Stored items
··········
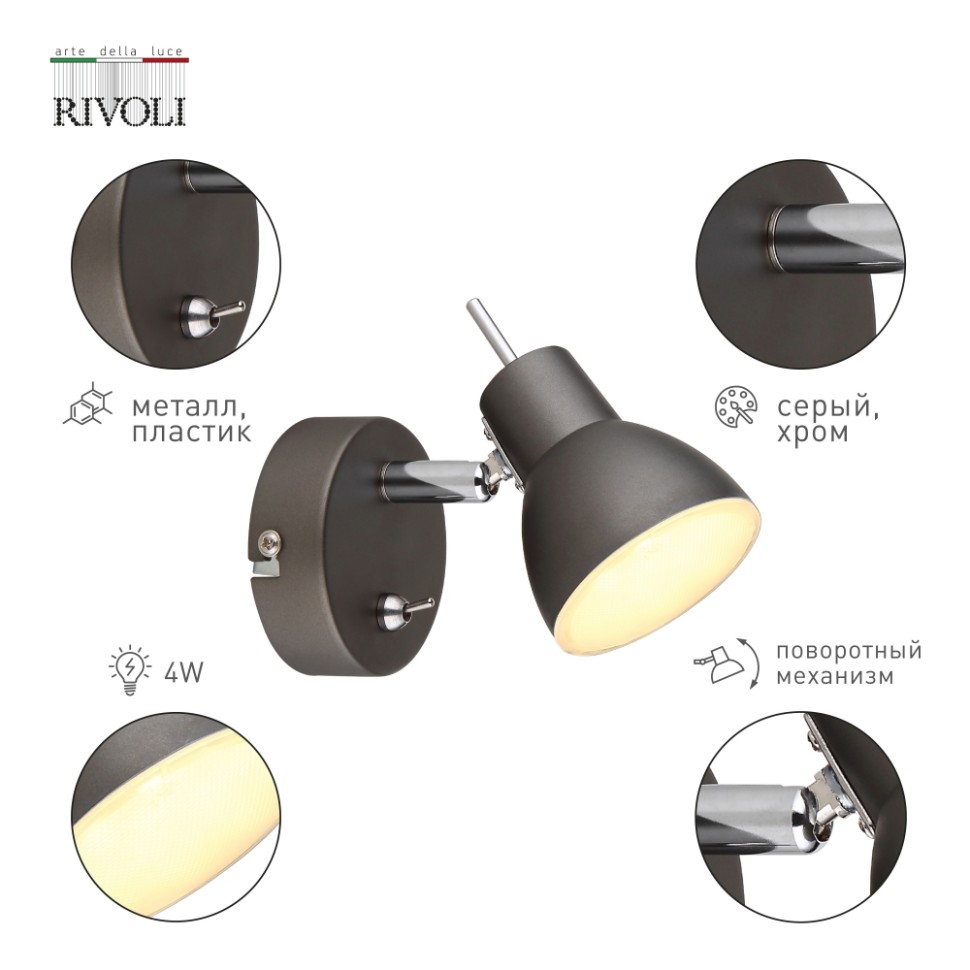 Rivoli Renata - аккуратное поворотное LED бра серого цвета с хромированным выключателем и хромированными деталями. Размеры бра - 123*80*112 мм. Компактные и стильные настенные светильники помогут вам оформить интерьер в соответствии с современными трендами. Для этого современного бра не нужна лампа, освещение создают встроенные светодиоды. Экономичные и стильные бра настенные от итальянских дизайнеров вы можете купить по доступной цене. Температура освещения - 3200 К. Это белый дневной свет с небольшим уклоном в сторону теплого рассветного. Такое освещение психологи характеризуют как максимально комфортное для жилых помещений. В комнате с бра Rivoli Renata на стене вам будет уютно, глаза будут меньше уставать. Это функциональный и красивый светильник-бра в спальню, детскую, прихожую, гостиную. В дизайнерской коллекции светильников настенно-потолочных Rivoli Renata вы найдете бра над кроватью, бра в спальню, бра в гостиную в сером (арт. 6158-701) и черном (арт. 6158-703) цвете.
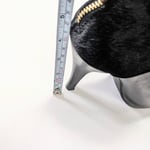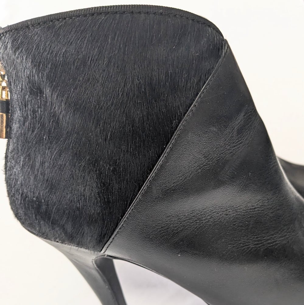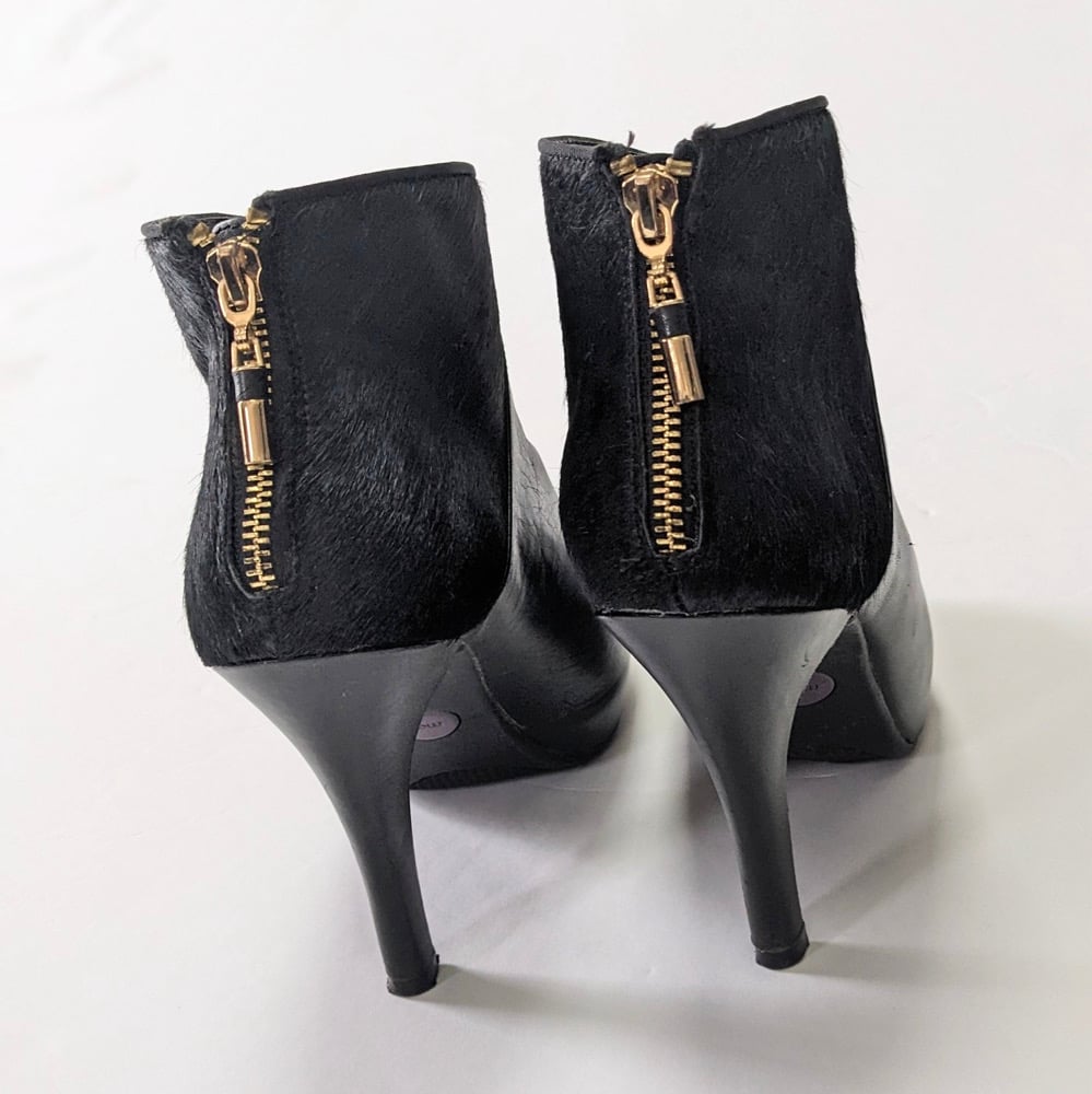 Elevate your wardrobe with these size 7.5M chic black leather, cow hair contrast platform ankle boots with metal zip gold tone closure accented with a beautiful cylinder shape gold tone & leather trim zipper pull.
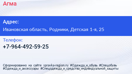 Агма по адресу Ивановская область, Родники, Детская 1-я, 25 в дальнейшем Организация, размещена в следующих категориях:
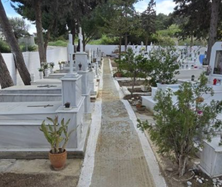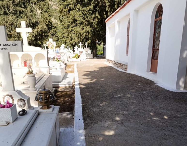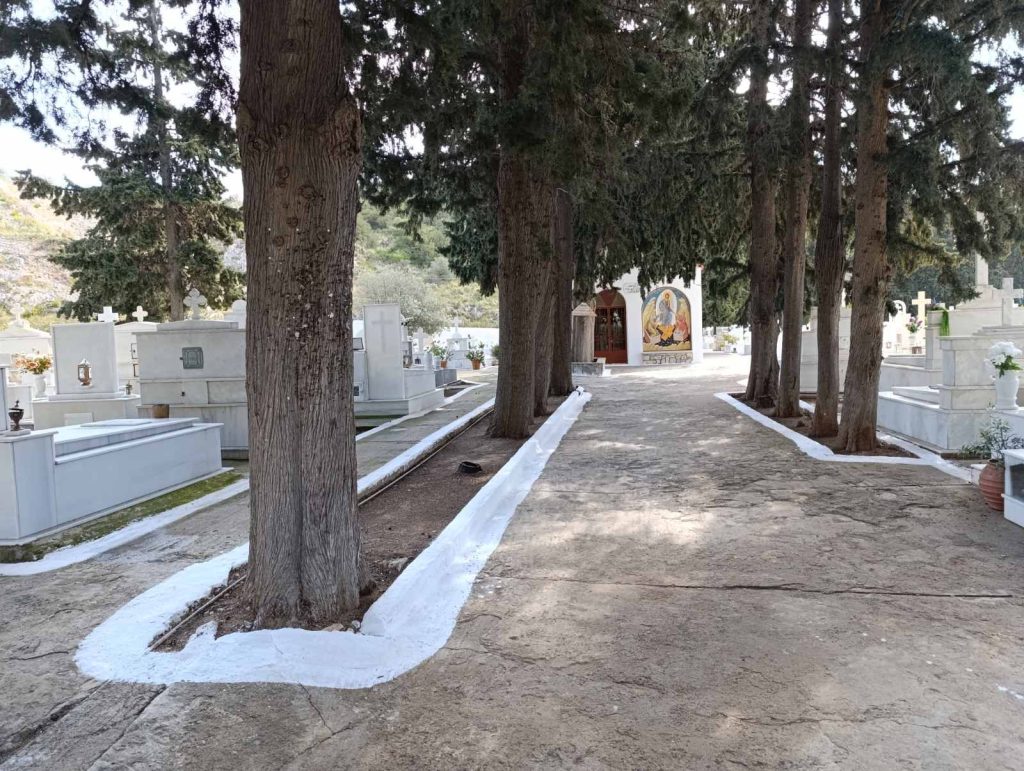 Ειδικότερα, έχουν γίνει εκτεταμένες εργασίες περιποίησης των φυτών, καθαρισμός από άχρηστα υλικά, ελαιοχρωματισμοί των μαντρών, αποψίλωση χόρτων, αποκομιδή απορριμμάτων, καθαρισμοί των διαδρόμων μεταξύ των μνημάτων κ.α.
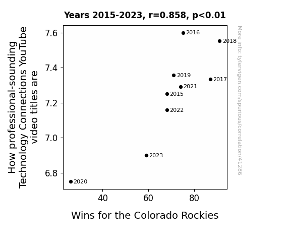 This means 73.7% of the change in the one variable (i.e., Wins for the Colorado Rockies) is predictable based on the change in the other (i.e., How professional-sounding Technology Connections YouTube video titles are) over the 9 years from 2015 through 2023.
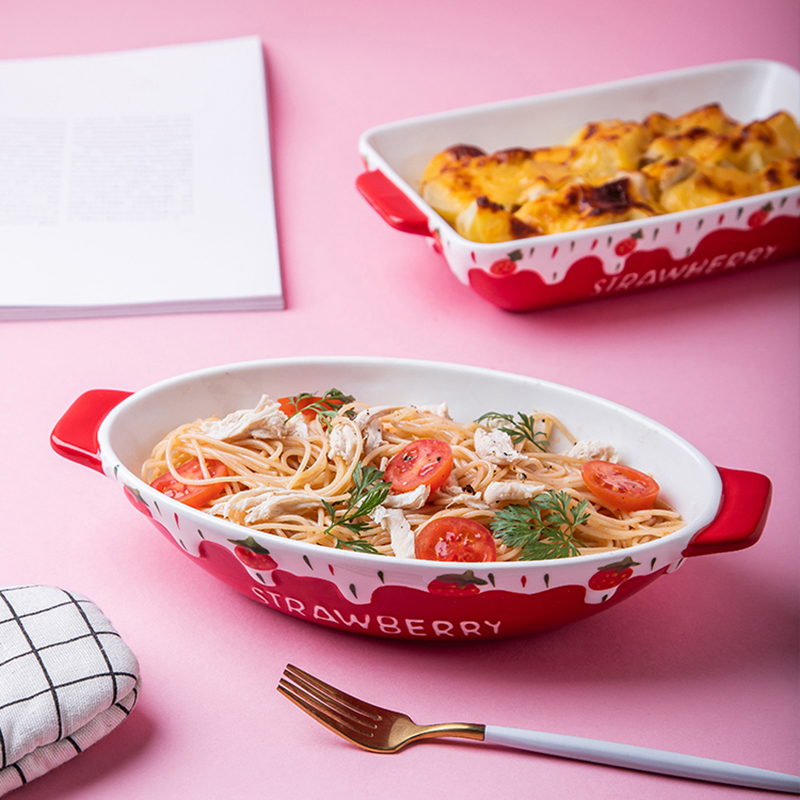 Strawberry Porcelain Baking Dish – Oval & Rectangular Variants
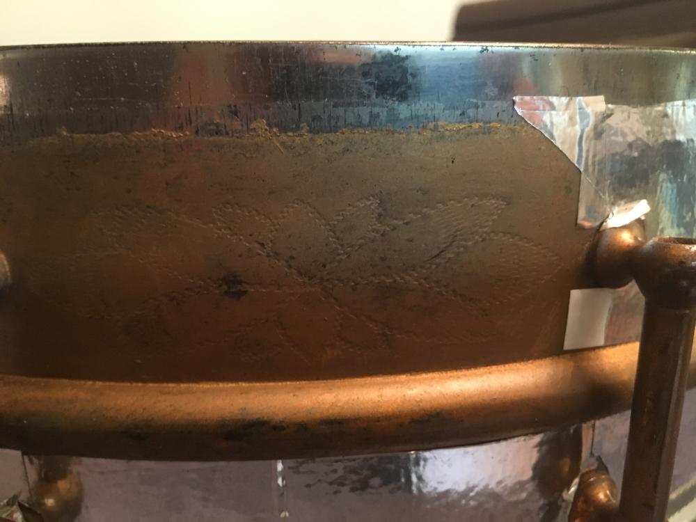 A couple of days ago I bought a snare drum wrapped in foil contact paper from an old timer. When I removed the contact paper I found gold paint over the shell of what looks to be a 1926-27 Ludwig Black Beauty, Standard Deluxe. Unfortunately there are two extra holes due to a muffler and the holes are directly over the Ludwig Chicago engraving. Any suggestions on removing the paint without causing any further damage?
··········
- Aim of the task
Above are the records; please give again, exactly and in full, only the lines that run from the line with "This means 73.7%" through the line with "Strawberry Porcelain Baking", with no pictures.

- Result of this exercise
 This means 73.7% of the change in the one variable (i.e., Wins for the Colorado Rockies) is predictable based on the change in the other (i.e., How professional-sounding Technology Connections YouTube video titles are) over the 9 years from 2015 through 2023.
 Strawberry Porcelain Baking Dish – Oval & Rectangular Variants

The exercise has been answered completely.